# MATERIAL PROVIDED
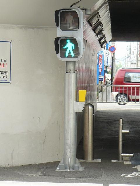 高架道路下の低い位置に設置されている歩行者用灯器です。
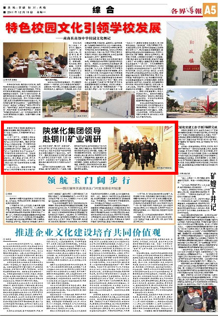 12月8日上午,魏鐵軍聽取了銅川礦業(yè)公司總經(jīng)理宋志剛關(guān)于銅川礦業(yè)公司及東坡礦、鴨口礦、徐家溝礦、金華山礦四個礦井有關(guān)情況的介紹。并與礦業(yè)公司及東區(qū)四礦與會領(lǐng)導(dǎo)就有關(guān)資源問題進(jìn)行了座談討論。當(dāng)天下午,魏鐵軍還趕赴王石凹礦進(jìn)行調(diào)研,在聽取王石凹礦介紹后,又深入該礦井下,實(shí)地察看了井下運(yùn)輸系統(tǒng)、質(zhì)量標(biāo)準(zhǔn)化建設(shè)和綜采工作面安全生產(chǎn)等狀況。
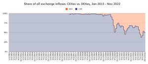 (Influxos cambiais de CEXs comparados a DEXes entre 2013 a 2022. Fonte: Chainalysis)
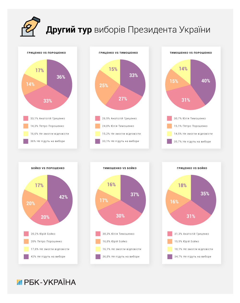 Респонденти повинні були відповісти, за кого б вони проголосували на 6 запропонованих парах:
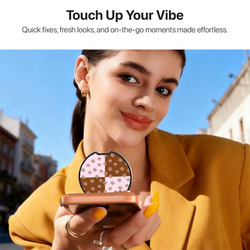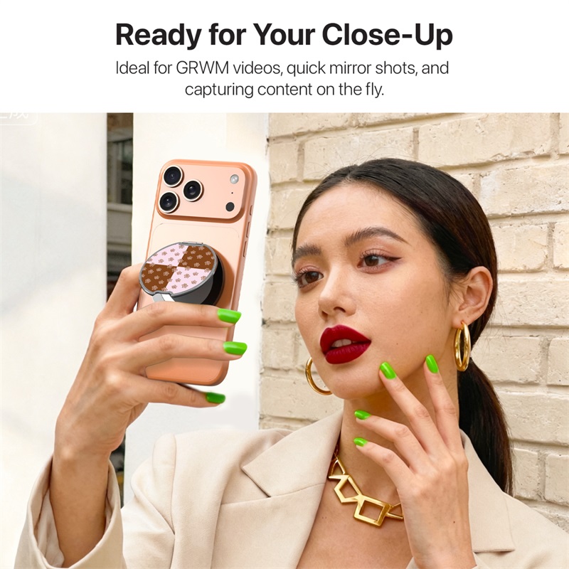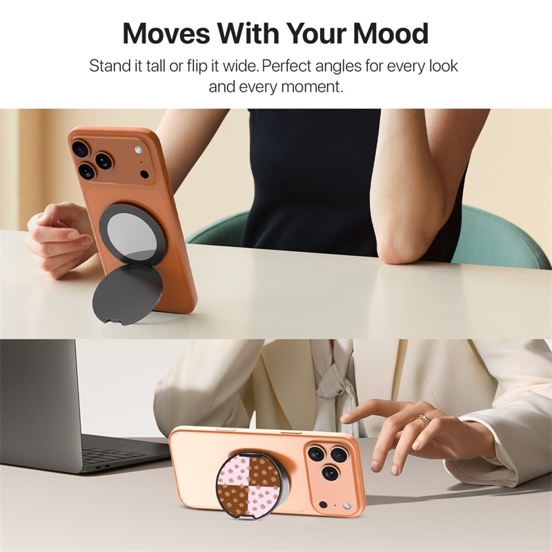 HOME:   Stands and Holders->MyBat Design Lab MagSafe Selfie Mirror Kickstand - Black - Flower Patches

# TASK STATEMENT
Set the pictures aside and transcribe the data above exactly.

# ANSWER SPACE
 高架道路下の低い位置に設置されている歩行者用灯器です。
 12月8日上午,魏鐵軍聽取了銅川礦業(yè)公司總經(jīng)理宋志剛關(guān)于銅川礦業(yè)公司及東坡礦、鴨口礦、徐家溝礦、金華山礦四個礦井有關(guān)情況的介紹。并與礦業(yè)公司及東區(qū)四礦與會領(lǐng)導(dǎo)就有關(guān)資源問題進(jìn)行了座談討論。當(dāng)天下午,魏鐵軍還趕赴王石凹礦進(jìn)行調(diào)研,在聽取王石凹礦介紹后,又深入該礦井下,實(shí)地察看了井下運(yùn)輸系統(tǒng)、質(zhì)量標(biāo)準(zhǔn)化建設(shè)和綜采工作面安全生產(chǎn)等狀況。
 (Influxos cambiais de CEXs comparados a DEXes entre 2013 a 2022. Fonte: Chainalysis)
 Респонденти повинні були відповісти, за кого б вони проголосували на 6 запропонованих парах:
 HOME:   Stands and Holders->MyBat Design Lab MagSafe Selfie Mirror Kickstand - Black - Flower Patches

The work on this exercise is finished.